Task: Look through the data below for the line with "Oplev Djecos kreative" and the line with "Протокол матча Брентфорд против Блэкберн", then transcribe exactly from the first through the second, leaving out all pictures.

Source information:
********

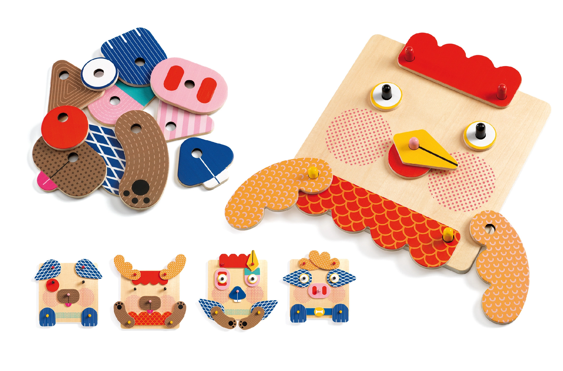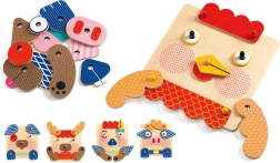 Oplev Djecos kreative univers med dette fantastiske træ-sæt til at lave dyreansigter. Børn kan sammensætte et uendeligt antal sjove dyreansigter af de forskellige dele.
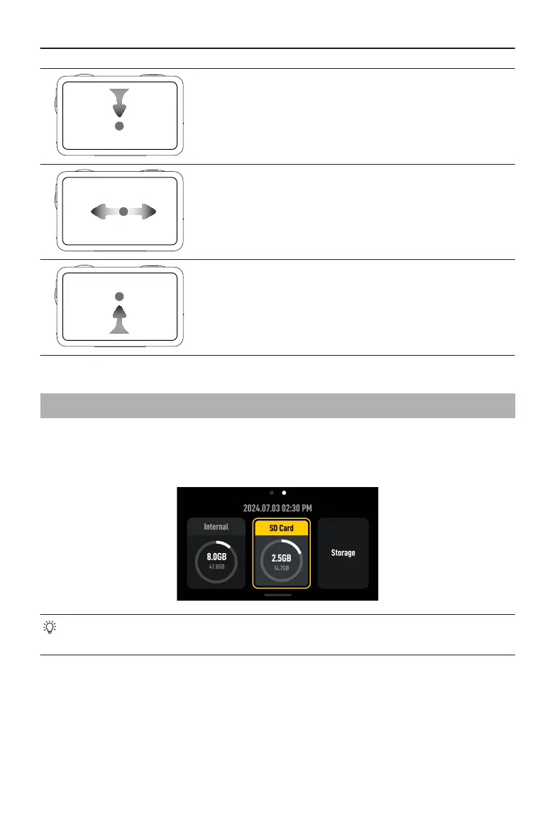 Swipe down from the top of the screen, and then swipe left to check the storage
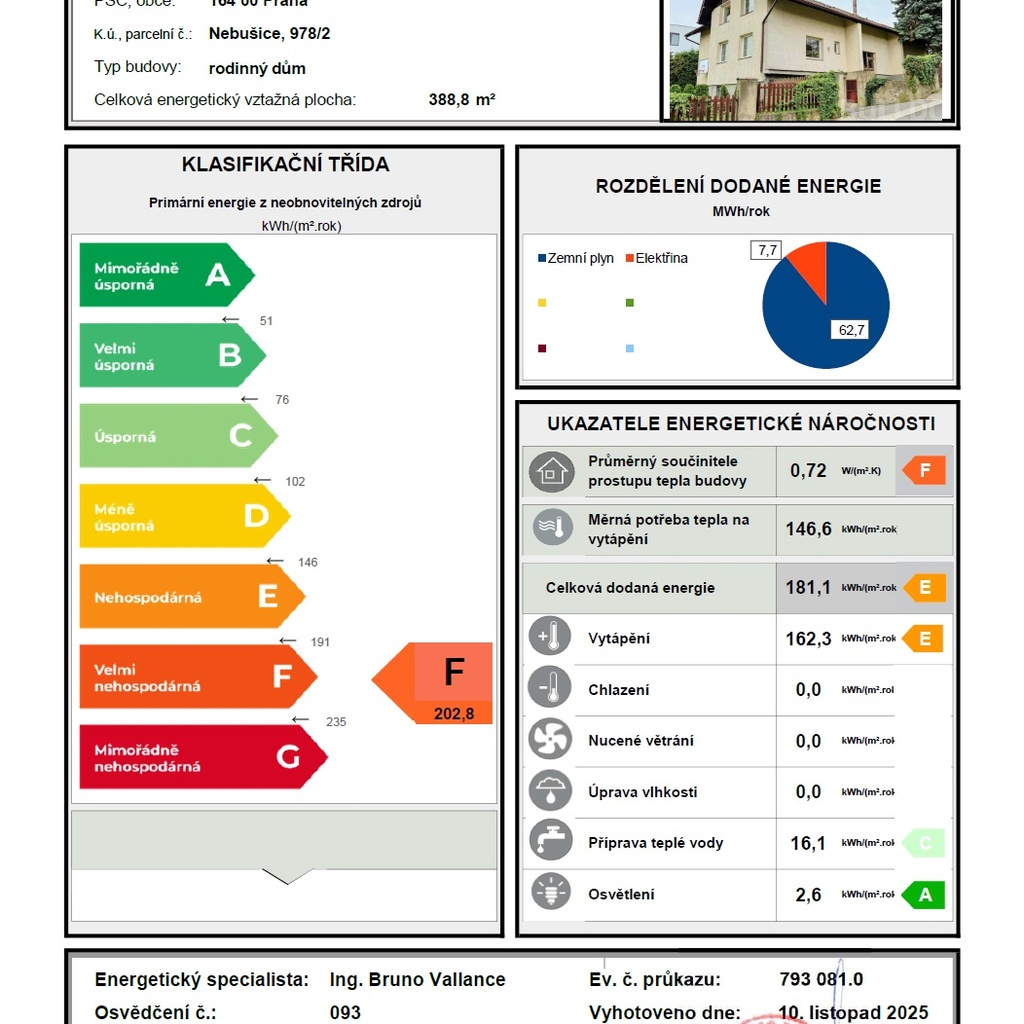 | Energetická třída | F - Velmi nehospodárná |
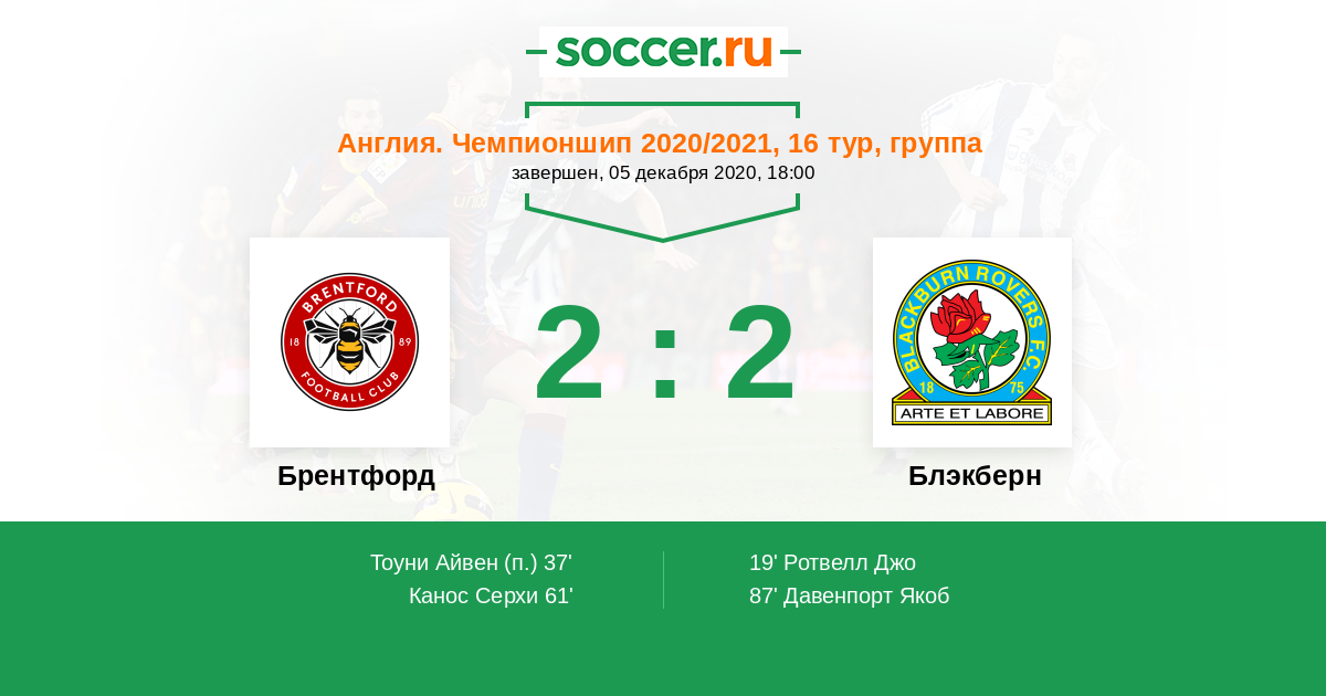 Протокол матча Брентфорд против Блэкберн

********

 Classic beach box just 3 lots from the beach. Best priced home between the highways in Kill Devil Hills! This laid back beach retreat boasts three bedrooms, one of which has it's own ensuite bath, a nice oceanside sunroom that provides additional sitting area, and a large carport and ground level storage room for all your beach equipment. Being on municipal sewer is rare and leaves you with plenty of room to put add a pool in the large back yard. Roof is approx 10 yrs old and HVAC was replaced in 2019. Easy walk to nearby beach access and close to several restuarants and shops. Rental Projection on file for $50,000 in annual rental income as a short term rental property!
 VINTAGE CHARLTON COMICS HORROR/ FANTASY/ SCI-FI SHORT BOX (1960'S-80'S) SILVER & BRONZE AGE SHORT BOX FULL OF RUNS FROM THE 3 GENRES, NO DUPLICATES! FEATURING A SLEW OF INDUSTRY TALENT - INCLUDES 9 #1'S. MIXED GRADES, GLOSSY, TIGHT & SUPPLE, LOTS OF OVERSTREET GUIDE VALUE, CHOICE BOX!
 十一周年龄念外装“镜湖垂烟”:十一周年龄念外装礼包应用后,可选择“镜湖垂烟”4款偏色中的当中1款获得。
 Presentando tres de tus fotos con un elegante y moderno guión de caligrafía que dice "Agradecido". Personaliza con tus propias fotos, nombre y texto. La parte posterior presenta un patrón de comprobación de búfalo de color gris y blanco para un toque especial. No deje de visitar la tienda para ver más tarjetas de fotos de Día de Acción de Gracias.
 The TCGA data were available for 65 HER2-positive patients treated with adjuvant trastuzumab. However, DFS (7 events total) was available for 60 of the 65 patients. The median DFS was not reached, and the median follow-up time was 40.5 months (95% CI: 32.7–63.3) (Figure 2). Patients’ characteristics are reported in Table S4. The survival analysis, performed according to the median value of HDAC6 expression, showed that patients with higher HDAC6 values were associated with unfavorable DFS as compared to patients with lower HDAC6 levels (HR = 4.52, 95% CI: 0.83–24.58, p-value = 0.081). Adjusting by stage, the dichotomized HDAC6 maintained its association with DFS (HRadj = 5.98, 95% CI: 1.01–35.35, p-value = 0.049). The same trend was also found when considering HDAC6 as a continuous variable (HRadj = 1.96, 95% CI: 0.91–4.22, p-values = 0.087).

********

Output of the task:
 Oplev Djecos kreative univers med dette fantastiske træ-sæt til at lave dyreansigter. Børn kan sammensætte et uendeligt antal sjove dyreansigter af de forskellige dele.
 Swipe down from the top of the screen, and then swipe left to check the storage
 | Energetická třída | F - Velmi nehospodárná |
 Протокол матча Брентфорд против Блэкберн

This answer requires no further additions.